| zonal_statistics {gdalcubes} | R Documentation |
This function will overlay spatial polygons with a data cube and compute summary statistics of pixel values within the polygons over all time slices.
zonal_statistics( x, geom, expr, out_path = tempfile(fileext = ".gpkg"), overwrite = FALSE, ogr_layer = NULL, as_stars = FALSE )
x |
source data cube |
geom |
Either an sf object, or a path to an OGR dataset (Shapefile, GeoPackage, or similar) with input (multi)polygon geometries |
expr |
character vector of summary statistics expressions, describing pairs of aggregation functions and data cube bands (e.g. "mean(band1)") |
out_path |
path to where resulting GeoPackage will be written to |
overwrite |
logical; overwrite |
ogr_layer |
If the input OGR dataset has multiple layers, a layer can be chosen by name |
as_stars |
logical; if TRUE, the created gpkg file will be loaded as a stars vector data cube |
The function creates a single GeoPackage output file containing:
A single layer "geom" containing the geometries (and feature identifiers) only.

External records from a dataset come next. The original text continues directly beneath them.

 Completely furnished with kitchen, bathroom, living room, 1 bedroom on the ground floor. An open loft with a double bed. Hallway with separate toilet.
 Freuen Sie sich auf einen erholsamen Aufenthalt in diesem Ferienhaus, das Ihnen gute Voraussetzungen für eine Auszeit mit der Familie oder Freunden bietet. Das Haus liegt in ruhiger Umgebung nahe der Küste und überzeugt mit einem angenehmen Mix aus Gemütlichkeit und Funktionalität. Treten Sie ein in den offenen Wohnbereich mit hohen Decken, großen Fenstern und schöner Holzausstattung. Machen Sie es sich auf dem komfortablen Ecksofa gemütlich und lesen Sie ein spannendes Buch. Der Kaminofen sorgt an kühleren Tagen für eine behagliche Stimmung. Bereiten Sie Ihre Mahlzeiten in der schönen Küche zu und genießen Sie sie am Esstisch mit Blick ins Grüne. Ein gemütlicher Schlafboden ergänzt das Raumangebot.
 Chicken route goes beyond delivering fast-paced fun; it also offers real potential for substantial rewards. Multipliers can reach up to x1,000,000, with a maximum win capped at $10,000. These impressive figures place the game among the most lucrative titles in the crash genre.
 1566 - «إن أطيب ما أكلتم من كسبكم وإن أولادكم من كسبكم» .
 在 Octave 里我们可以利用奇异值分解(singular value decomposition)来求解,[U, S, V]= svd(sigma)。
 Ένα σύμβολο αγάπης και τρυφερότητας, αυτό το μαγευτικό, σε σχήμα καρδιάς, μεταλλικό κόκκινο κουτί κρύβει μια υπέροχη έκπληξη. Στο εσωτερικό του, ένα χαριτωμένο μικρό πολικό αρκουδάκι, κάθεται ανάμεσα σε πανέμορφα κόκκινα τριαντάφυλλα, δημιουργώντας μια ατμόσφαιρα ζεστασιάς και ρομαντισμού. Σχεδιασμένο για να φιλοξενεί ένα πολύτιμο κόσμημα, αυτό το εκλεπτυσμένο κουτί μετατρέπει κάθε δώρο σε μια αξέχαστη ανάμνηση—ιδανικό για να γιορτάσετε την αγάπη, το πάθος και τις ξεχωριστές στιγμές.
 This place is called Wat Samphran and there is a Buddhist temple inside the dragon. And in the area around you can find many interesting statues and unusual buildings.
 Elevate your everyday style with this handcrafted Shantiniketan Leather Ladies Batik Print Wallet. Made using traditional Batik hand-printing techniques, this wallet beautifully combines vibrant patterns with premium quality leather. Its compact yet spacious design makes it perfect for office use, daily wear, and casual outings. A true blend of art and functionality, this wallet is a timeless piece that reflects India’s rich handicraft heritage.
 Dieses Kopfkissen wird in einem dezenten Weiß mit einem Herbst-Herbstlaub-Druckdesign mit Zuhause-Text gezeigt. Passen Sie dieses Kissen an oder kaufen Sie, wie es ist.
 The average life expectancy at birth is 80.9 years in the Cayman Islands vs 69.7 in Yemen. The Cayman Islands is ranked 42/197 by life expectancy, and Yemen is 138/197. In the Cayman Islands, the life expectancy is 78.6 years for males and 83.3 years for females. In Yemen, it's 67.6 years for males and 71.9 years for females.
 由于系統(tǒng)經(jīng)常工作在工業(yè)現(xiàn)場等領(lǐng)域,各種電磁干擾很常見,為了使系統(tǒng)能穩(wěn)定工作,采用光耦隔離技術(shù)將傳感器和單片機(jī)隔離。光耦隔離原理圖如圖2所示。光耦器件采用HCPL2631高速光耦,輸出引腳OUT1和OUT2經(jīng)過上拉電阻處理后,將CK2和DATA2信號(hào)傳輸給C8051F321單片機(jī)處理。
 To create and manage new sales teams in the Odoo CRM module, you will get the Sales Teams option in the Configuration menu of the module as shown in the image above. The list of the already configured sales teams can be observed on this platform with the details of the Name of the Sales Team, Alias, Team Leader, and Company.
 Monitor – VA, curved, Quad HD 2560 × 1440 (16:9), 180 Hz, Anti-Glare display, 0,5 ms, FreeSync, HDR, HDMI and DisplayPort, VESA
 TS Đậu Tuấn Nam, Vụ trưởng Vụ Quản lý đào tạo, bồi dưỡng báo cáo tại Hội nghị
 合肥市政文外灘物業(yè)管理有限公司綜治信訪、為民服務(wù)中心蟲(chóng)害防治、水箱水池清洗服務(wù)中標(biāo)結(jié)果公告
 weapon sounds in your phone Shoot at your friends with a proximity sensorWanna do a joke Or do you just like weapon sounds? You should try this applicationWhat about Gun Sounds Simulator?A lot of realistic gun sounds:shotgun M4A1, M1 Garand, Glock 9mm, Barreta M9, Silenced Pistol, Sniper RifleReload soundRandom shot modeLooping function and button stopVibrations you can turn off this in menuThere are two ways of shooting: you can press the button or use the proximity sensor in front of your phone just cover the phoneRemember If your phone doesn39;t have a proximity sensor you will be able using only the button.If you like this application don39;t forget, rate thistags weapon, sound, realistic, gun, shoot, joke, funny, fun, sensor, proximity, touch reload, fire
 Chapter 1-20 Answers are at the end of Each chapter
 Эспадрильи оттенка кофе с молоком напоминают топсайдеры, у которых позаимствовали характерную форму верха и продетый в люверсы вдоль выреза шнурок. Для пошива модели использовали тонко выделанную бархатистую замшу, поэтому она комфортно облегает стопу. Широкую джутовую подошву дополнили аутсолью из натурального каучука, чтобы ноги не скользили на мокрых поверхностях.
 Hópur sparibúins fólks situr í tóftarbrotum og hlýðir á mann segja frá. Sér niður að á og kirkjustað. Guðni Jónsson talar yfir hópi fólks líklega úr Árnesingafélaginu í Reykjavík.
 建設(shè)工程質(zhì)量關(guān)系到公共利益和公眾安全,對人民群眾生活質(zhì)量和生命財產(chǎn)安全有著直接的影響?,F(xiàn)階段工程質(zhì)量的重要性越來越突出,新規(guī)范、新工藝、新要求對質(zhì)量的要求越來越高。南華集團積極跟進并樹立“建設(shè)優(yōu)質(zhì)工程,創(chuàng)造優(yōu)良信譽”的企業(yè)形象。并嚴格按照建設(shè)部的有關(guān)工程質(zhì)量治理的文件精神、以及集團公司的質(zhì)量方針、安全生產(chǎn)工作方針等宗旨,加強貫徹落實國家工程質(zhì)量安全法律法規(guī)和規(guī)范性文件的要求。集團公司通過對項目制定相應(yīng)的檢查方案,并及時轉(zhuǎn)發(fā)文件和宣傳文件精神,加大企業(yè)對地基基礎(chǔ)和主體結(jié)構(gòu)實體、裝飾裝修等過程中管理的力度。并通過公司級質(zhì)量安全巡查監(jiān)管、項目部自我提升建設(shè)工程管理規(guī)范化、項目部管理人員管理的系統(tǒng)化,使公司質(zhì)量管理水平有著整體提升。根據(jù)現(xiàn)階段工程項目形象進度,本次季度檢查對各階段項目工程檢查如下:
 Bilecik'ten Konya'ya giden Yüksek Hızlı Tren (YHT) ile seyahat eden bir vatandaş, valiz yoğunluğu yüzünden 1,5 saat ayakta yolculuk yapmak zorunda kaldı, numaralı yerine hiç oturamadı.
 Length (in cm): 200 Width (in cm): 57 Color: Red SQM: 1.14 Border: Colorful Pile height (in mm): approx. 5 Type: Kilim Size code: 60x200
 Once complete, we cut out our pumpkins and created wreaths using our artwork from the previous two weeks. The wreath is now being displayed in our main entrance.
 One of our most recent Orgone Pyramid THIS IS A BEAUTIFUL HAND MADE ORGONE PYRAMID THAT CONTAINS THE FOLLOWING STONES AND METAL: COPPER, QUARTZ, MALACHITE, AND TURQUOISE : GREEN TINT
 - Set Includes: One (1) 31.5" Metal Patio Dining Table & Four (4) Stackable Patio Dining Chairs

Attribute tables (layers without geometry) for each time slice of the data cube containing summary statistics as columns. Corresponding layer names start with "attr_", followed by date and time.
Virtual spatial views for each time slice, joining the geometries and attribute tables. Corresponding layer names start with "map_", followed by date and time.
You will most-likely want to use the spatial view layers directly e.g. with the sf package.
Available summary statistics currently include "min", "max", "mean", "median", "count", "sum", "prod", "var", and "sd".
character length-one vector containing the path to the resulting GeoPackage file (see Details) or a stars object (if as_stars is TRUE)
Currently, the spatial reference systems of the data cube and the features must be identical.
This function requires GDAL with built-in GEOS support, which can checked with gdalcubes_gdal_has_geos)
# if not already done in other examples
if (!file.exists(file.path(tempdir(), "L8.db"))) {
L8_files <- list.files(system.file("L8NY18", package = "gdalcubes"),
".TIF", recursive = TRUE, full.names = TRUE)
create_image_collection(L8_files, "L8_L1TP", file.path(tempdir(), "L8.db"))
}
L8.col = image_collection(file.path(tempdir(), "L8.db"))
v = cube_view(srs="EPSG:32618", dy=300, dx=300, dt="P1M",
aggregation = "median", resampling = "bilinear",
extent=list(left=388941.2, right=766552.4,
bottom=4345299, top=4744931,
t0="2018-01-01", t1="2018-04-30"))
L8.cube = raster_cube(L8.col, v)
L8.cube = select_bands(L8.cube, c("B04", "B05"))
L8.ndvi = apply_pixel(L8.cube, "(B05-B04)/(B05+B04)", "NDVI")
L8.ndvi
# toy example: overlay NDVI data with NYC districts
if (gdalcubes_gdal_has_geos()) {
x = zonal_statistics(L8.ndvi, system.file("nycd.gpkg", package = "gdalcubes"),
expr = "median(NDVI)")
x
}